Maximum number of active groups allowed.

max_iters#

Maximum number of coordinate descents.

max_screen_size#

Maximum number of screen groups allowed.

min_ratio#

The ratio between the largest and smallest \(\lambda\) in the regularization sequence if it is to be generated.

multi_intercept#

True if an intercept is added for each response.

n_classes#

Number of classes.

n_threads#

Number of threads.

n_valid_solutions#

Number of valid solutions for each iteration.

newton_max_iters#

Maximum number of iterations for the BCD update.

newton_tol#

Convergence tolerance for the BCD update.

penalty#

Penalty factor for each group in the same order as groups.

pivot_slack_ratio#

If screening takes place, then pivot_slack_ratio number of groups with next smallest (new) active scores below the pivot point are also added to the screen set as slack.

pivot_subset_min#

If screening takes place, then at least pivot_subset_min number of active scores are used to determine the pivot point.

pivot_subset_ratio#

If screening takes place, then the (1 + pivot_subset_ratio) * s largest active scores are used to determine the pivot point where s is the current screen set size.

resid#

Residual \(y_c - X \beta\) where \(\beta\) is given by screen_beta.

resid_sum#

Weighted (by \(W\)) sum of resid.

rsq#

The change in unnormalized \(R^2\) given by \(\|y_c-X_c\beta_{\mathrm{old}}\|_{W}^2 - \|y_c-X_c\beta_{\mathrm{curr}}\|_{W}^2\).

screen_X_means#

Column means of \(X\) for screen groups (weighted by \(W\)).

screen_begins#

List of indices that index a corresponding list of values for each screen group. screen_begins[i] is the starting index corresponding to the i th screen group.

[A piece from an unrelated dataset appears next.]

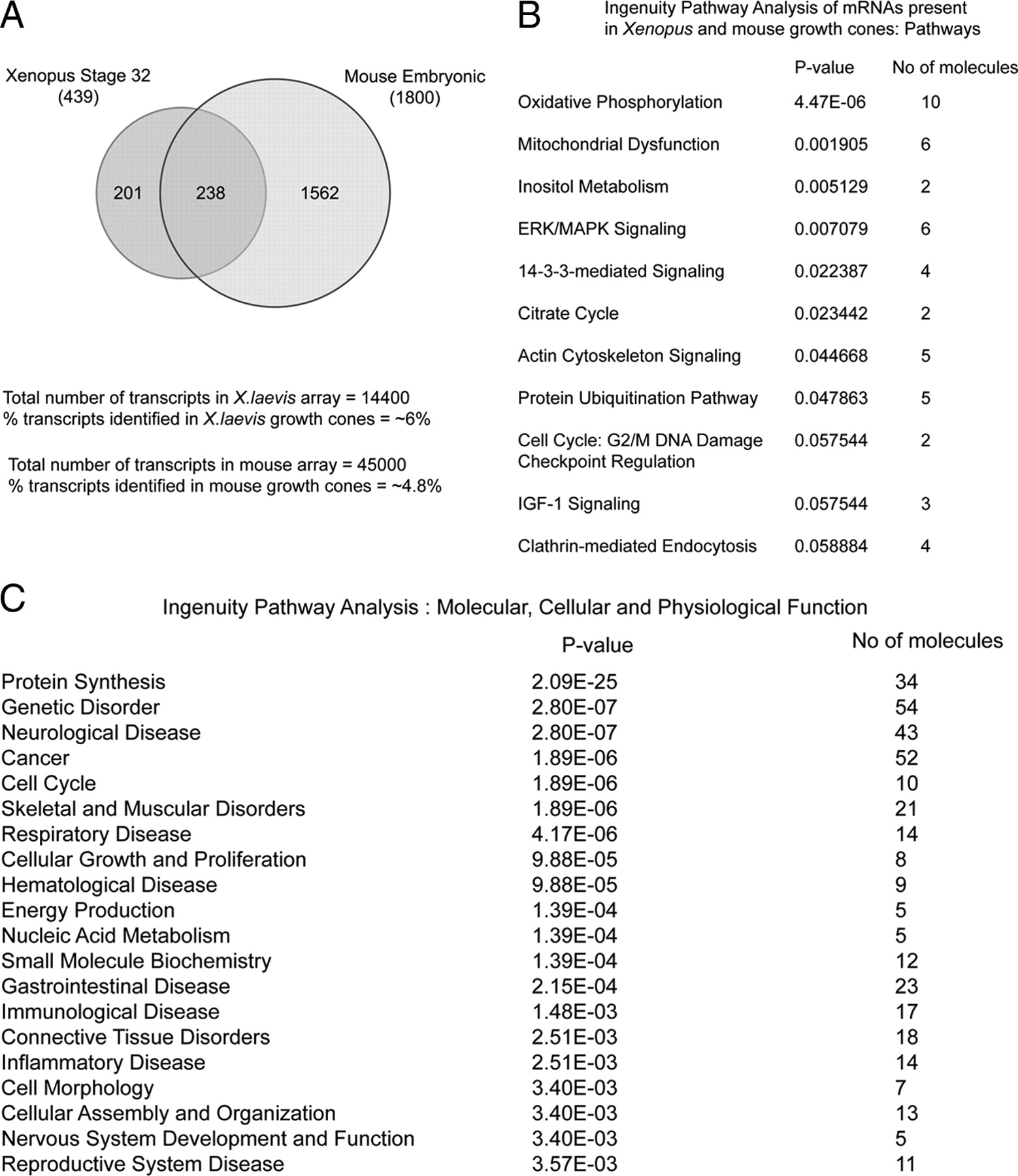 Mouse and Xenopus RGC growth cone mRNA profiles show conserved functional pathways. A , A Venn diagram showing 54% overlap in the transcript profiles of E16 mouse versus stage 32 Xenopus RGC growth cone mRNA. B , IPA reveals the most enriched biological pathways, such as oxidative phosphorylation (p < 0.05) and the number of mRNAs identified for each pathway common in both species. C , IPA identifies protein synthesis as the most enriched functional category among others common in both species (p < 0.05).

From this index, reading group_sizes[screen_set[i]] number of elements will grab values corresponding to the full i th screen group block.

screen_beta#

Coefficient vector on the screen set. screen_beta[b:b+p] is the coefficient for the i th screen group where k = screen_set[i], b = screen_begins[i], and p = group_sizes[k].

screen_hashset#

Hashmap containing the same values as screen_set.

screen_is_active#

Boolean vector that indicates whether each screen group in groups is active or not. screen_is_active[i] is True if and only if screen_set[i] is active.

screen_rule#

Strong rule type.

screen_set#

List of indices into groups that correspond to the screen groups. screen_set[i] is i th screen group.

screen_sizes#

Strong set size for every saved solution.

screen_transforms#

List of \(V_k\) where \(V_k\) is from the SVD of \(\sqrt{W} X_{c,k}\) along the screen groups \(k\) and for possibly column-centered (weighted by \(W\)) \(X_k\). It only needs to be properly initialized for groups with size > 1. screen_transforms[i] is \(V_k\) for the i th screen group where k = screen_set[i].

screen_vars#

List of \(D_k^2\) where \(D_k\) is from the SVD of \(\sqrt{W} X_{c,k}\) along the screen groups \(k\) and for possibly column-centered (weighted by \(W\)) \(X_k\). screen_vars[b:b+p] is \(D_k^2\) for the i th screen group where k = screen_set[i], b = screen_begins[i], and p = group_sizes[k].

setup_lmda_max#

True if the function should setup \(\lambda_\max\).

setup_lmda_path#

True if the function should setup the regularization path.

tol#

Coordinate descent convergence tolerance.

weights#

Observation weights \(W\).

y_mean#

Mean of the response vector \(y\) (weighted by \(W\)), i.e. \(\mathbf{1}^\top W y\).

y_var#

Variance of the response vector \(y\) (weighted by \(W\)), i.e. \(\|y_c\|_{W}^2\).